2. Pick the best algorithm in question 1. Create an ensemble of at least 25 models, and use them for the classification task. Identify the top and bottom 10% of the data in terms of uncertainty of the decision.

3. Use 2 different feature selection algorithm to identify the 10 most important features for the task in question 1. Retrain classifiers in question 1 with just this subset of features and compare performance.

4. Use the same data, removing the labels, and compare performance of 3 different clustering algorithms.
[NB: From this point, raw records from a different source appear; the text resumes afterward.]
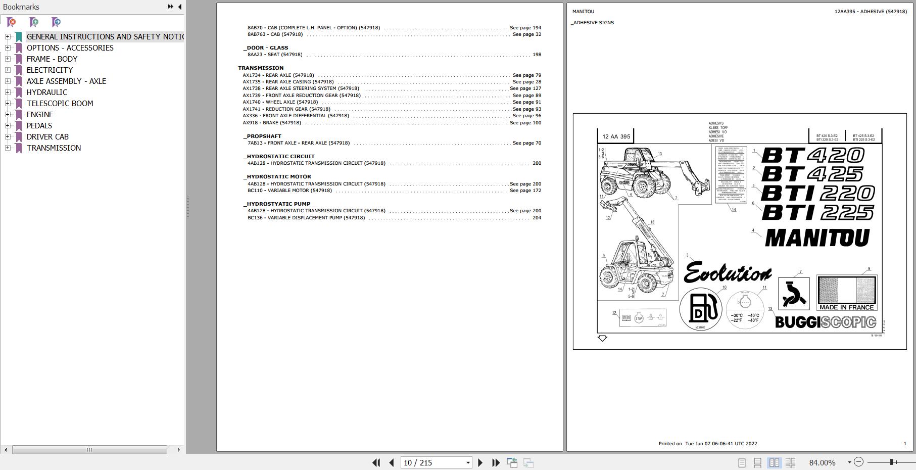 The Bookmarks Of Manitou BT 420 425 BTI 220 225 S3-E2 Telescopic Handler Parts Catalog:
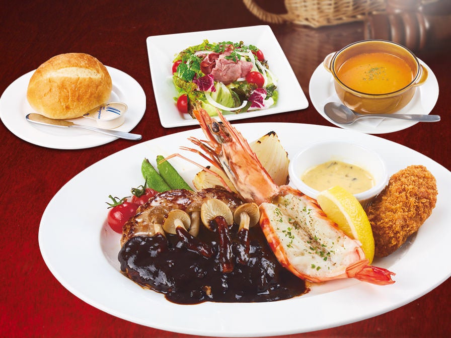 有頭大海老と広島県産牡蠣にハンバーグが楽しめる、1度で3度美味しいフェアセットはいかがでしょうか。
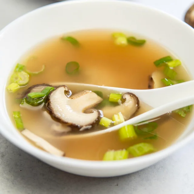tradicional miso japonesa con cebollin, hongo shitake y fideos harusame
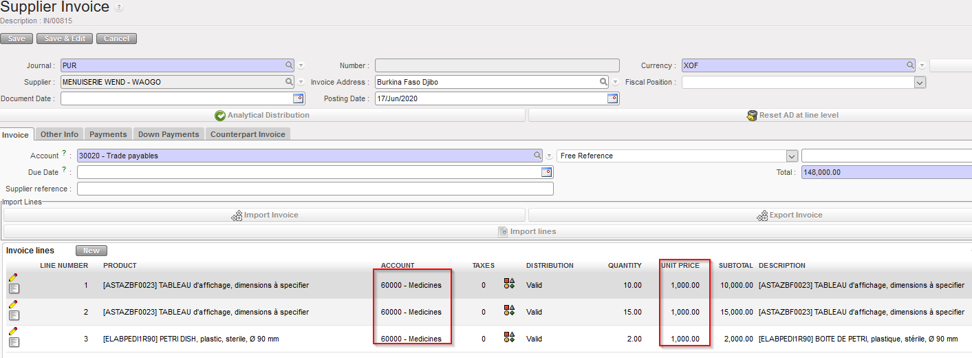 The Invoice Allocations report (PDF) Shows invoice lines allocation: analytical distribution (Destination, Cost centre, Funding Pool), Accounting code, quantity, unit price etc per invoice line. Additional note: To avoid certain corrections after validation of a Supplier Invoice, it is best to check the analytical allocations using this report, which gives a brief overview of all the important fields in the Supplier Invoice..
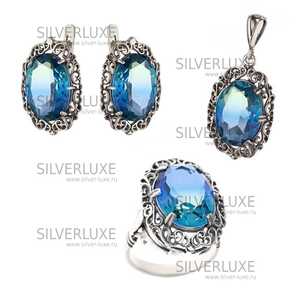 Серебро 925 пробы. Вставка - камень голубой мистик. Изделие в фирменной подарочной упаковке.
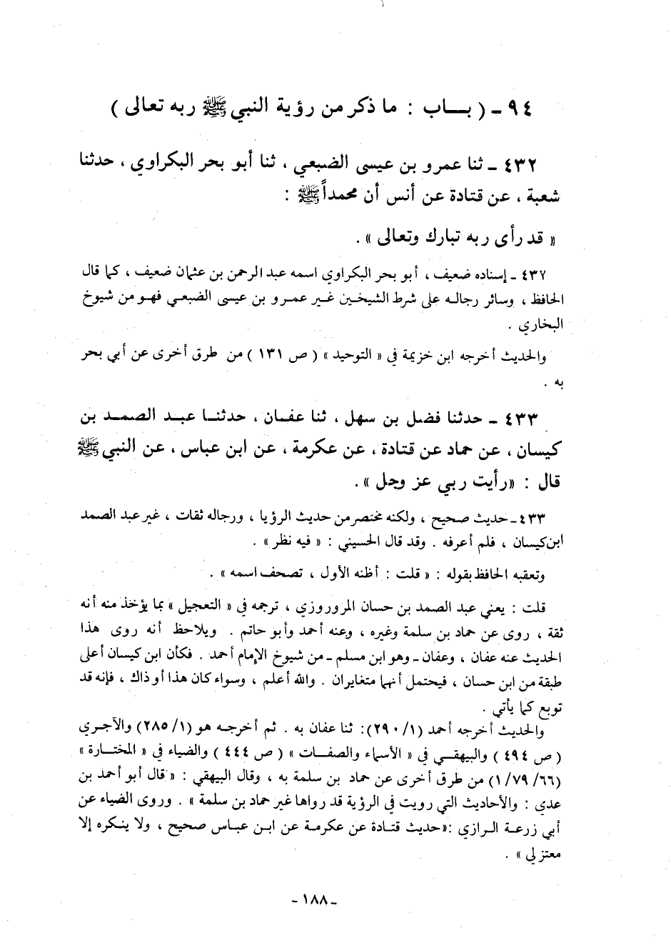94 – "بَابُ: مَا ذُكِرَ مِنْ رُؤْيَةِ النَّبِيِّ صَلَّى اللَّهُ عَلَيْهِ وَسَلَّمَ رَبَّهُ تَعَالَى"
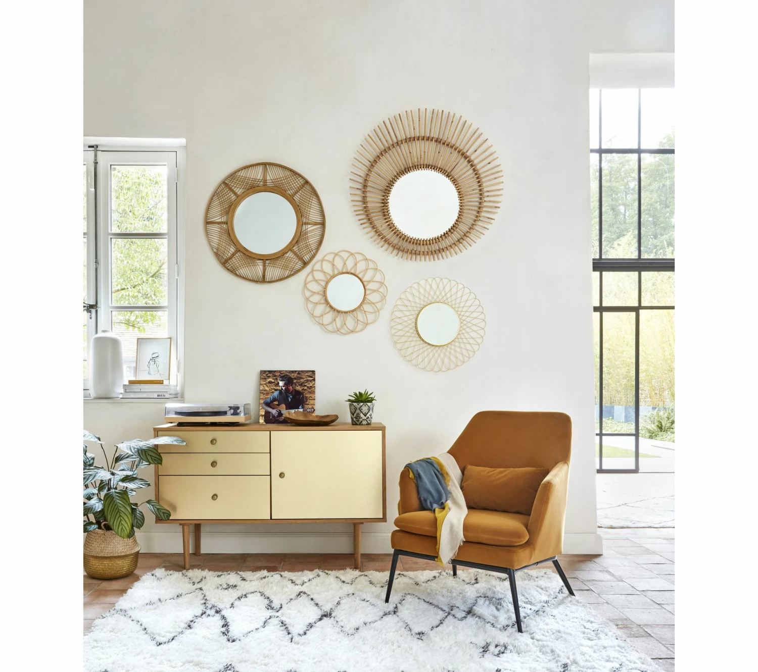 Avec sa finition façon en rosace, le miroir Sol est idéal pour apporter une touche graphique et élégante à votre intérieur. Ce modèle discret et sobre se compose d’une glace d’un diamètre de 19 cm, entourée d’une décoration en fil de fer de couleur noire. Afin de gagner en légèreté, le dos est constitué d’un panneau de fibres de moyenne densité. Ce miroir d’un diamètre total de 48 cm s’accroche au mur grâce à un crochet situé à l’arrière. Un simple clou planté dans la cloison suffit. Il s’entretient aisément à l’aide d’un chiffon en microfibre ou de papier journal roulé en boule.
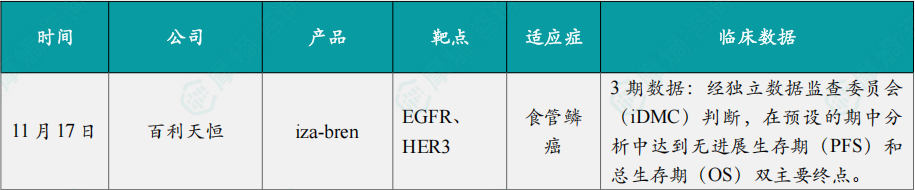 11月17日,由百利天恒自主研发的全球首创(First-in-class)、新概念(New concept)且唯一进入III期临床阶段的EGFR×HER3双抗ADC(iza-bren)在晚期食管鳞癌的III期临床试验(研究方案编号:BL-B01D1-305)中,经独立数据监查委员会(iDMC)判断,在预设的期中分析中达到无进展生存期(PFS)和总生存期(OS)双主要终点。这是全球首个ADC药物在食管癌治疗中取得PFS、OS双阳性结果的III期临床研究,适应症为既往经PD-1/PD-L1单抗联合含铂化疗治疗失败的复发性或转移性食管鳞癌。
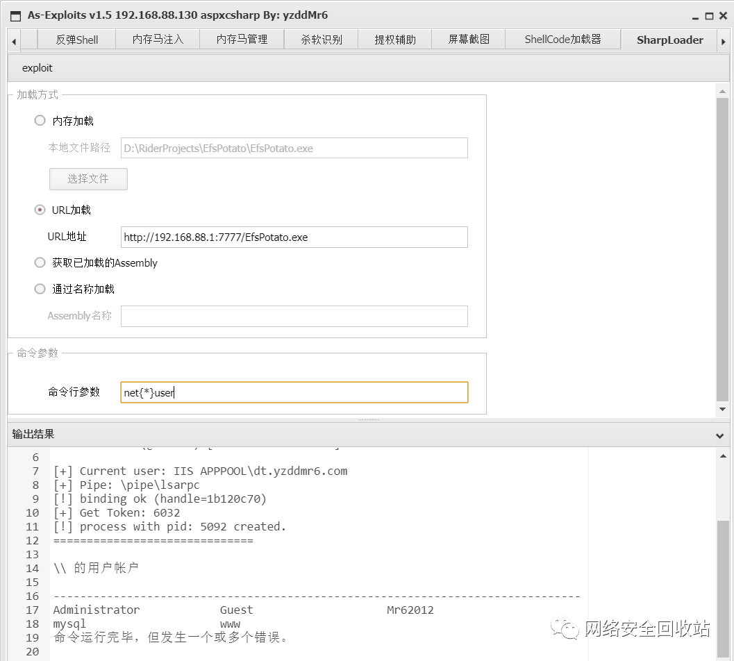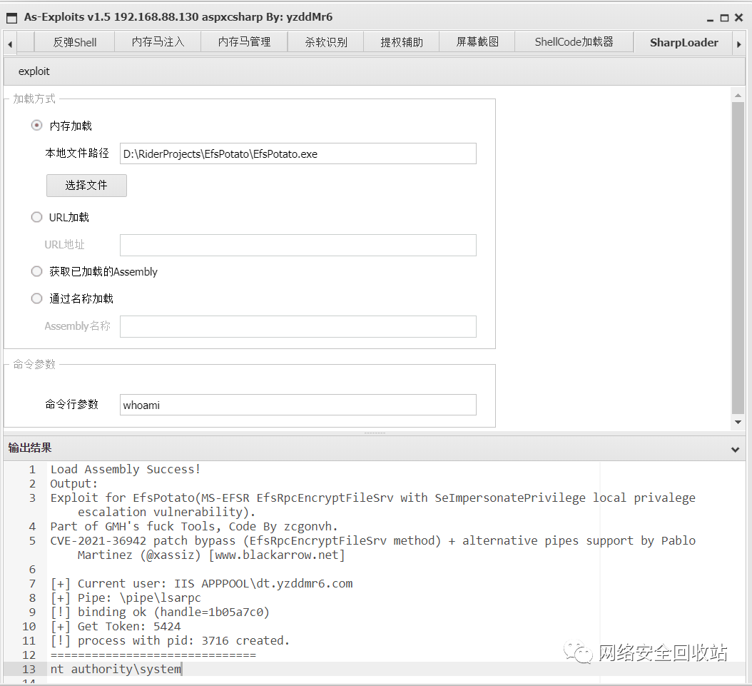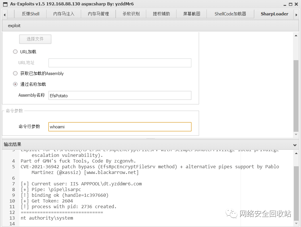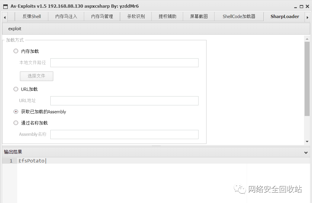 aspxcsharp新增SharpLoader模块,支持内存加载、远程加载Assembly;支持获取已加载过的Assembly,无需重复上传;支持传递命令行参数,自动获取输入输出。
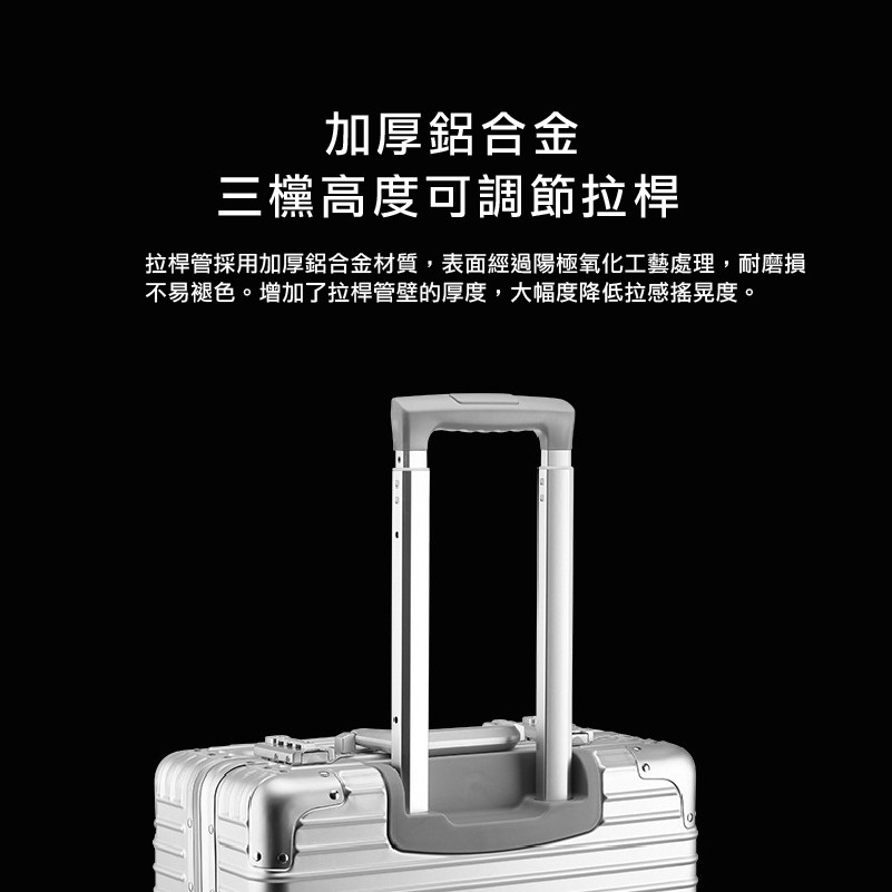 * 三檔高度可調拉桿:拉桿採用航空級加厚鋁合金材質,表面經過陽極氧化工藝處理耐磨不易掉色!並增加了拉管的管壁厚度,大幅度江都了拉桿的搖晃。
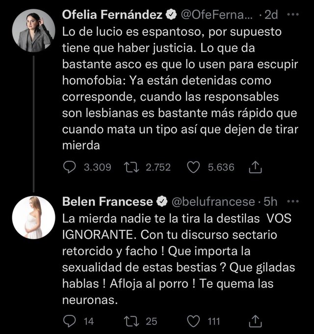 Esta ves fue entre Ofelia Fernández y Belén Francese en donde la actriz no se quedó callada por el tweet de la legisladora: “Lo de Lucio es espantoso, por supuesto tiene que haber justicia. Lo que da bastante asco es que lo usen para escupir homofobia: ya están detenidas como corresponde, cuando las responsables son lesbianas es bastante más rápido que cuando mata un tipo así que dejen de tirar mierda”, escribió Ofelia.
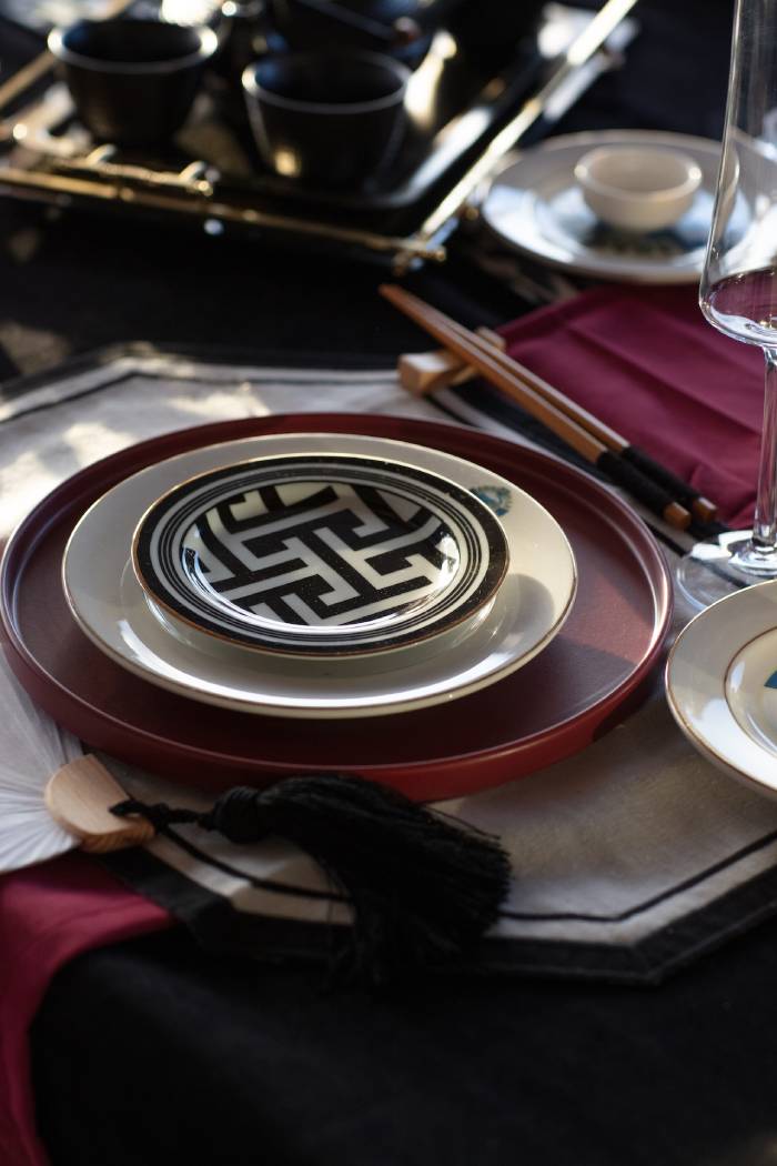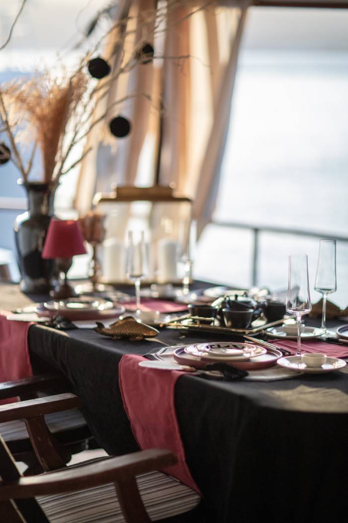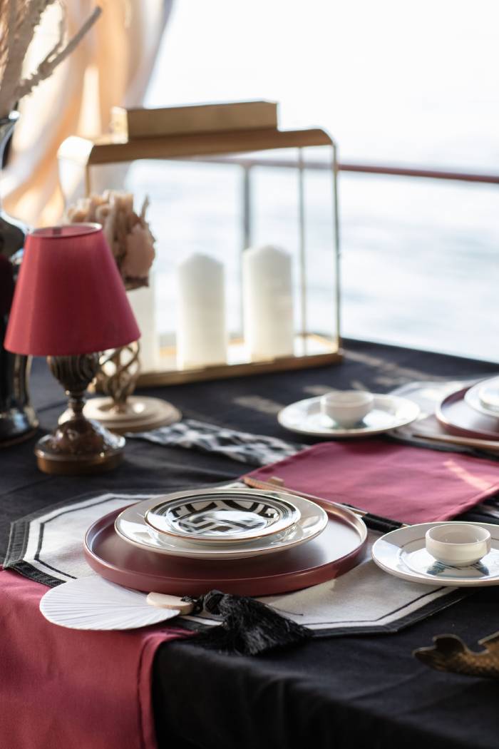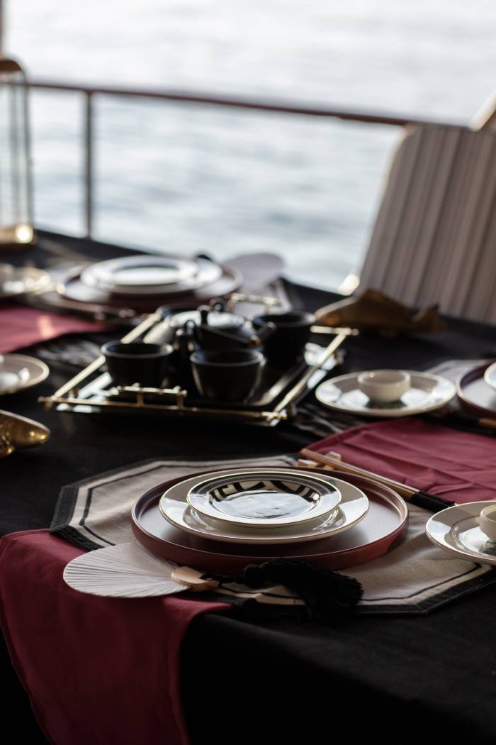 Shangri La, adını James Hilton’un aynı isimli romanından alan, hayali bir cenneti temsil eden bir yer… Bu yeni yıl yemeğinde tam da o cennetin bir yansımasını sunmayı amaçlayan tasarımcı Uzak Doğu’nun derin kültürel mirasını, Hollywood’un zarafetiyle harmanlıyor. Güvertede kurulan sofra, denizin ortasında bir vaha misali, ince detaylarla bezeli. Dramatik koyu masa örtüleri, Uzak doğunun olmazsa olmazı derin bordo ve kırmızılar, narin bambu yemek takımları, pirinç mumluklar ve Uzak Doğu motifleriyle süslenmiş aksesuarlar, Yepyeni bir yılı karşılarken en çok ihtiyaç duyulan şey umut ve önümüzde uzanan yeni yılda neler olacağına dair bir merak. Şans getirdiğine inanılan Pirinç Japon Koi balığı figürleri, Gold yansımalı tabaklarda servis edilen Fortune Cookie’ler ve bir zamanlar lüksün ve aristokrasinin simgesi olan Uzak doğu kültürünün önemli unsurlarından katlanır yelpazeler, her bir konuk için tabağının hemen yanı başında sofrayı süsleyen en karakteristik detaylardan olarak yerini aldı.

Can you find clusters for each of the classes in question 1?

5. Can you identify any clusters within the top/botton 10% identified in 2. What are their characteristics?

6. Use the "SA" dataset to compare the performance of 3 different anomaly detection algorithms.

7. Create a subsample of 250 datapoints, redo question 6, using Leave-one-out as the method of evaluation.

8. Use the feature selection algorithm to identify the 5 most important features for the task in question 6, for each algorithm. Does the anomaly detection improve using less features?

## Quick look at the data

In [1]:
from sklearn.datasets import fetch_kddcup99
D=fetch_kddcup99()

In [2]:
dir(D)

['DESCR', 'data', 'feature_names', 'frame', 'target', 'target_names']

In [3]:
print(D["DESCR"])

.. _kddcup99_dataset:

Kddcup 99 dataset
-----------------

The KDD Cup '99 dataset was created by processing the tcpdump portions
of the 1998 DARPA Intrusion Detection System (IDS) Evaluation dataset,
created by MIT Lincoln Lab [2]_. The artificial data (described on the `dataset's
homepage <https://kdd.ics.uci.edu/databases/kddcup99/kddcup99.html>`_) was
generated using a closed network and hand-injected attacks to produce a
large number of different types of attack with normal activity in the
background. As the initial goal was to produce a large training set for
supervised learning algorithms, there is a large proportion (80.1%) of
abnormal data which is unrealistic in real world, and inappropriate for
unsupervised anomaly detection which aims at detecting 'abnormal' data, i.e.:

* qualitatively different from normal data
* in large minority among the observations.

We thus transform the KDD Data set into two different data sets: SA and SF.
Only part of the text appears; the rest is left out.